Troubleshooting

A. Low Overall Fluorescence Signal Intensity
Consider these suggestions if the average signal intensity from both your sample RNA and the Positive Control miRNA are very low (<500 RFU).

1. Troubleshoot miRNA sample labeling
The most common cause of low overall fluorescence signal is poor labeling of the miRNA sample. Troubleshooting suggestions for the mirVana miRNA Labeling Kit are provided in the Instruction Manual supplied with the product.

2. Excessive exposure of the labeled sample to light
Fluorescent dyes are subject to photobleaching. Exposing them to light, either before or after coupling, will reduce signal intensity. Limit the exposure of fluorescent dyes to light by conducting coupling reactions, labeled miRNA clean-up, array hybridization, and array washing in the dark when possible.

3. The array slide was placed in the scanner incorrectly
Improper placement of slides in the scanner, for example, upside down or backwards, can result in no signal from the scanned region. Mark your slides as you spot them so that orientation can be easily determined later.

4. Hybridization problems

a. Incorrect ratio of miRNA Hybridization Buffer to miRNA sample
The dilution of 3X miRNA Hybridization Buffer with labeled miRNA sample must be precise so that the final concentration is 1X miRNA Hybridization Buffer. This ensures the proper formamide concentration for optimal hybridization stringency.

b. Hybridization and/or wash temperatures were higher than recommended
The recommended hybridization temperature is 42°C. If in doubt, verify the incubator temperature with a calibrated thermometer. Conduct post-hybridization washes at room temperature. If the ambient room temperature in your lab is over 25°C, washing may be too stringent and could result in loss of legitimate signal.

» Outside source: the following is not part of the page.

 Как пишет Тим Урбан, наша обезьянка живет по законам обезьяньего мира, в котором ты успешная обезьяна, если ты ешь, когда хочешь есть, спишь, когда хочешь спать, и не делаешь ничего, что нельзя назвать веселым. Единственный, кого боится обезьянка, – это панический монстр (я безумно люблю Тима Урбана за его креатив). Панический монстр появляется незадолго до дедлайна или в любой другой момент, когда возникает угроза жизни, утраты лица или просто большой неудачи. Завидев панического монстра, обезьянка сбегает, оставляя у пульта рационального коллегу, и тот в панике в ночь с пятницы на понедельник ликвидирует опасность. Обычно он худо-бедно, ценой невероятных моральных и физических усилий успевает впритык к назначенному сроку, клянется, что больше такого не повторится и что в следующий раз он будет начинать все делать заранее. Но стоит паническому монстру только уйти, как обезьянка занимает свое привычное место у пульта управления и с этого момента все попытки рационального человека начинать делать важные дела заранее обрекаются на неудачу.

5. Nuclease-contaminated tubes, tips, or equipment
Using pipettte tips, tubes, or other plasticware that is contaminated with nucleases during purification and/or handling of miRNA samples can degrade miRNA, reducing yield and the size of miRNA. Both RNases and DNases can be removed from surfaces using Ambion’s RNaseZap.

1. Partial or complete drying of the hybridization reaction on the array slide

• Exposure to air during washing is a common problem encountered by people attempting array analysis for the first time. When miRNA arrays are exposed to air for more than 1–2 sec, it can allow partial drying of the array and problems with blotches, streaks, and dots of signal that are not associated with probe.

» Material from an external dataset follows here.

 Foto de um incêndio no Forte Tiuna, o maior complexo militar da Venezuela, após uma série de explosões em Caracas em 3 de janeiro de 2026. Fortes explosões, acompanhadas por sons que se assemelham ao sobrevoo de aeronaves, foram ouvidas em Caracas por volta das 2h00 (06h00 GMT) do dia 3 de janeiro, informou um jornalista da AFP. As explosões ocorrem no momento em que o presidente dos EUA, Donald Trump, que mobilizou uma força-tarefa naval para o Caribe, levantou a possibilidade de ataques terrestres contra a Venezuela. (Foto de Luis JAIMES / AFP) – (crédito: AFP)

• Make sure that the repositories in the hybridization chamber are filled with 1X miRNA Hybridization Buffer to maintain humidity.

• Make sure that the area under the coverslip is completely filled with miRNA hybridization mixture before starting the hybridization.

• Be sure to check the position of the coverslip over each miRNA array just before sealing the hybridization chamber. If a coverslip gets too close to the edge of the slide, the miRNA hybridization mixture can wick under the slide, leaving the miRNA array with insufficient hybridization mixture.

2. Incomplete washing
If there was a problem with washing the array, then repeating the entire wash procedure may help remove the excess signal from the array. Following are some precautions to observe in subsequent experiments to avoid having to re-wash your array:

• Follow the washing procedure exactly, and be sure to completely submerge the miRNA array in wash buffer at each step.

• Be sure to put the array slides into a clean slide rack when switching them from the Low Stringency Wash to the High Stringency Wash. Otherwise detergent may be carried over, causing detergent residue on the slides.

1. Incomplete reactive dye quenching and removal
If the labeling moiety is not removed by column purification, it can interact nonspecifically with elements on the array. Check the color of the solution of the labeled and purified miRNA. The solution should be clear or lightly tinted. More intense color likely means that uncoupled dye is contaminating the labeled miRNA sample, and it cannot be used for miRNA array hybridization. This could occur if too much fluorescent dye is used in the labeling reaction, or if the glass fiber filter inside the miRNA Labeling Column is not properly positioned and sample bypasses the filter during the purification.

2. Low stringency hybridization conditions
The recommended hybridization temperature is 42°C. Lower temperatures can lead to nonspecific interactions between miRNAs in the sample and probes on the array. If in doubt, verify the incubator temperature with a calibrated thermometer.

3. Total RNA was used to prepare labeled miRNA sample
Labeling total RNA can lead to nonspecific binding to the relatively short probes used for miRNAs. We recommend purifying miRNAs using the flashPAGE Fractionator before labeling to eliminate non-miRNAs from the sample before analysis with the mirVana miRNA Array System. Alternatively miRNA can be isolated using traditional gel electrophoresis [protocol].